WORK INSTRUCTION: Transcribe exactly, and without pictures, only the lines from the one bearing "ВОЛГО-ДОН, магазин по" through the final line of the data below.

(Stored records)
*** Block opens ***

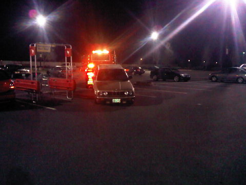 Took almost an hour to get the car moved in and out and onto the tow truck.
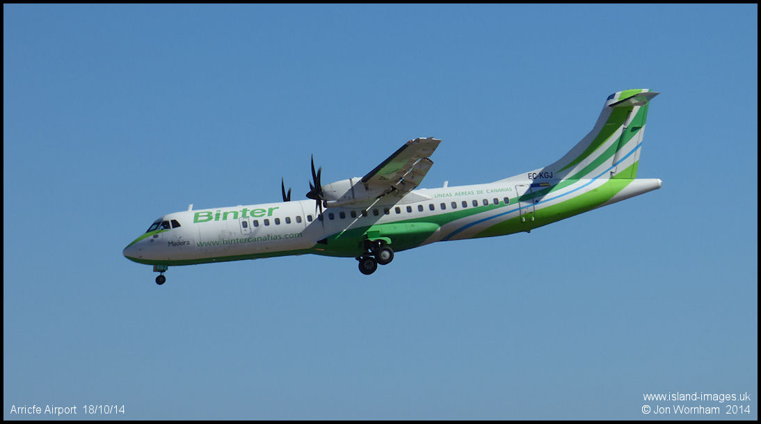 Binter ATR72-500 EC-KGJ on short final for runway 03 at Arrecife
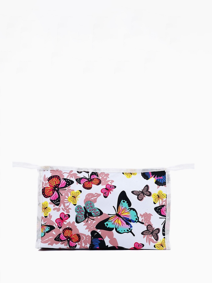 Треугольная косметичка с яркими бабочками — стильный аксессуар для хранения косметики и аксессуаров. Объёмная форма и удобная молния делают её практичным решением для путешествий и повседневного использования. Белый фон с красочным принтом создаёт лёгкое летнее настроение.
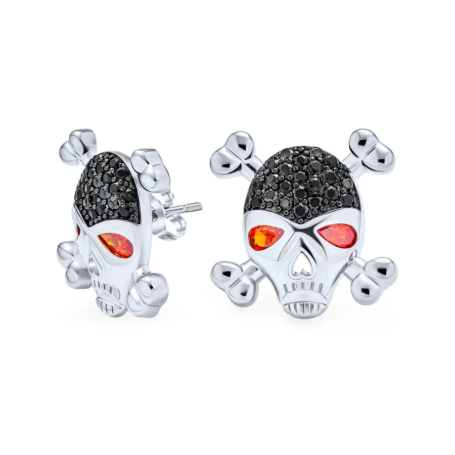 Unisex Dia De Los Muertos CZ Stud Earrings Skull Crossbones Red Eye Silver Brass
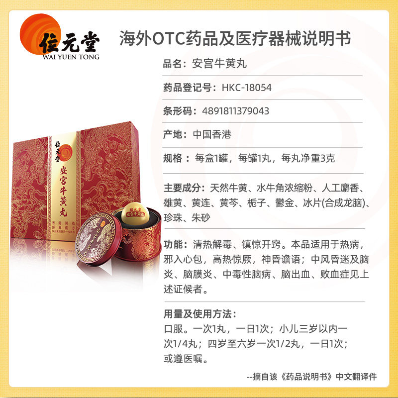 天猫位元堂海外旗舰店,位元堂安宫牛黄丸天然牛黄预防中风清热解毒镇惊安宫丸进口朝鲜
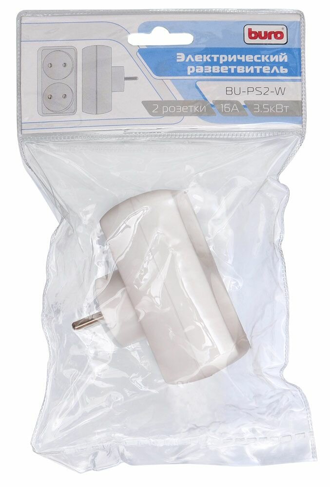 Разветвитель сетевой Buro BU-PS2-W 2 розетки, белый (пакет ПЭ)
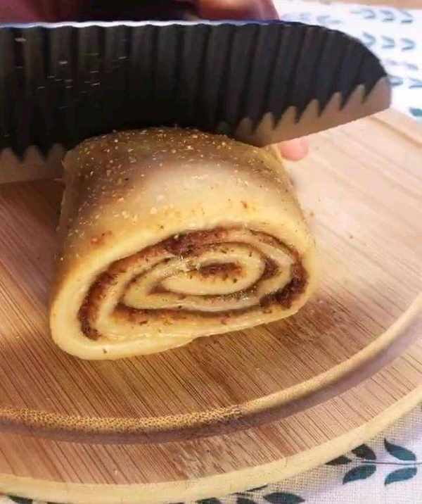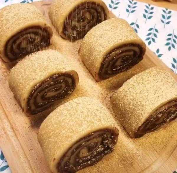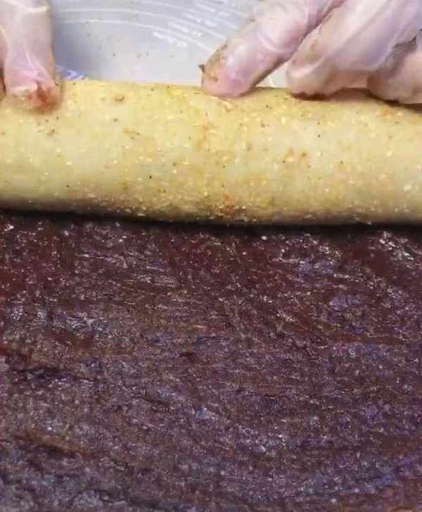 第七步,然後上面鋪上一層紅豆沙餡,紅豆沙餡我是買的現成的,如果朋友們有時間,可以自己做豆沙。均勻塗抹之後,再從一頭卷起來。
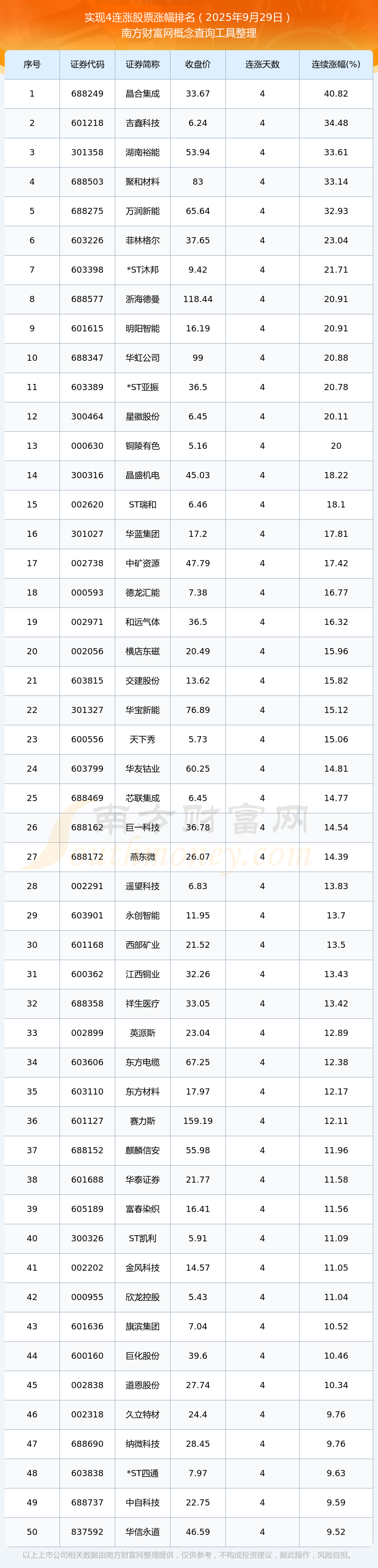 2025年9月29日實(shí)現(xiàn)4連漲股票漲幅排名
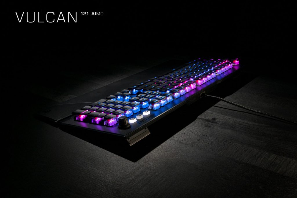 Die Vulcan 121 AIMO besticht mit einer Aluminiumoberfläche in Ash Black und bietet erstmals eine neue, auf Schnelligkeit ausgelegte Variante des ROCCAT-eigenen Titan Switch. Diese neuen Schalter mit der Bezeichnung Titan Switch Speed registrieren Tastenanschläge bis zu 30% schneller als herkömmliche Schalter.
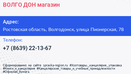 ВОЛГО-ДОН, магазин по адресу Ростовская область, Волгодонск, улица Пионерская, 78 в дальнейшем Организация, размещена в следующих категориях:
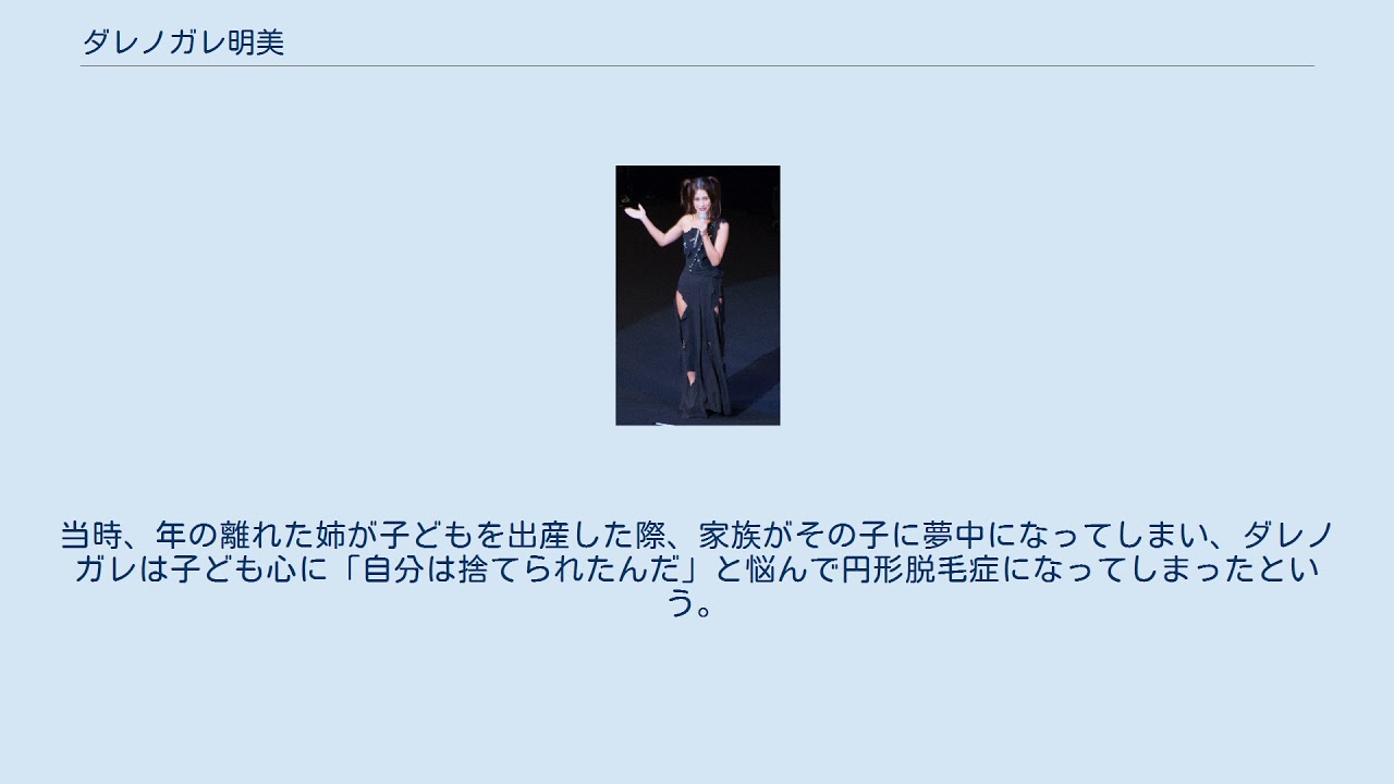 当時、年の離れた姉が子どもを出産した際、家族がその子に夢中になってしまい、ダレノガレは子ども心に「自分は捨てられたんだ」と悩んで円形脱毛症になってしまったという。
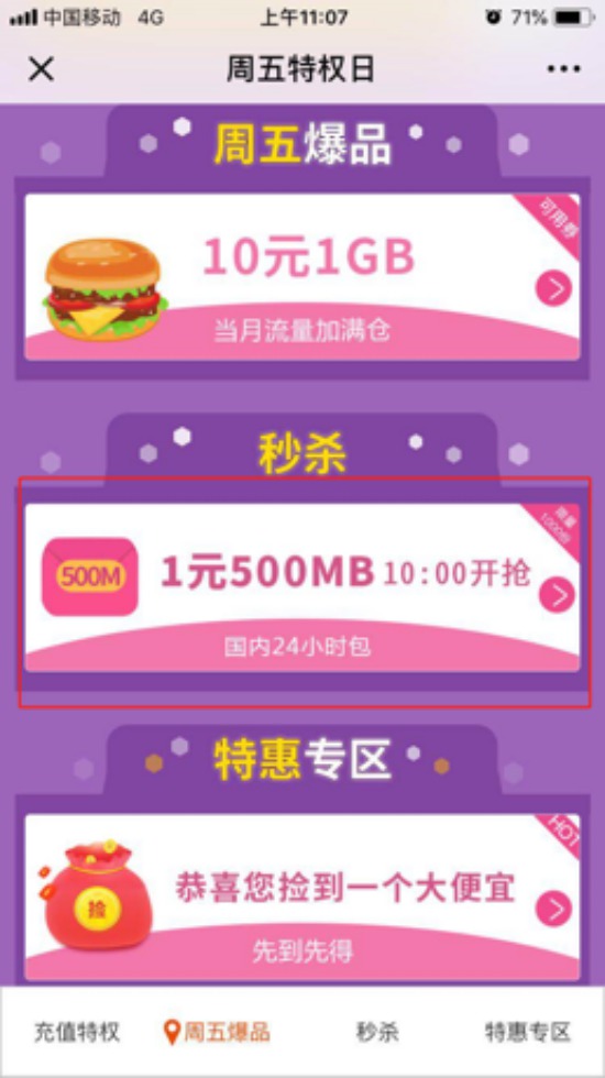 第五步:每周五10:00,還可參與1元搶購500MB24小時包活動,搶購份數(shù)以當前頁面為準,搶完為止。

*** Block closes ***

EXERCISE RESULT:
 ВОЛГО-ДОН, магазин по адресу Ростовская область, Волгодонск, улица Пионерская, 78 в дальнейшем Организация, размещена в следующих категориях:
 当時、年の離れた姉が子どもを出産した際、家族がその子に夢中になってしまい、ダレノガレは子ども心に「自分は捨てられたんだ」と悩んで円形脱毛症になってしまったという。
 第五步:每周五10:00,還可參與1元搶購500MB24小時包活動,搶購份數(shù)以當前頁面為準,搶完為止。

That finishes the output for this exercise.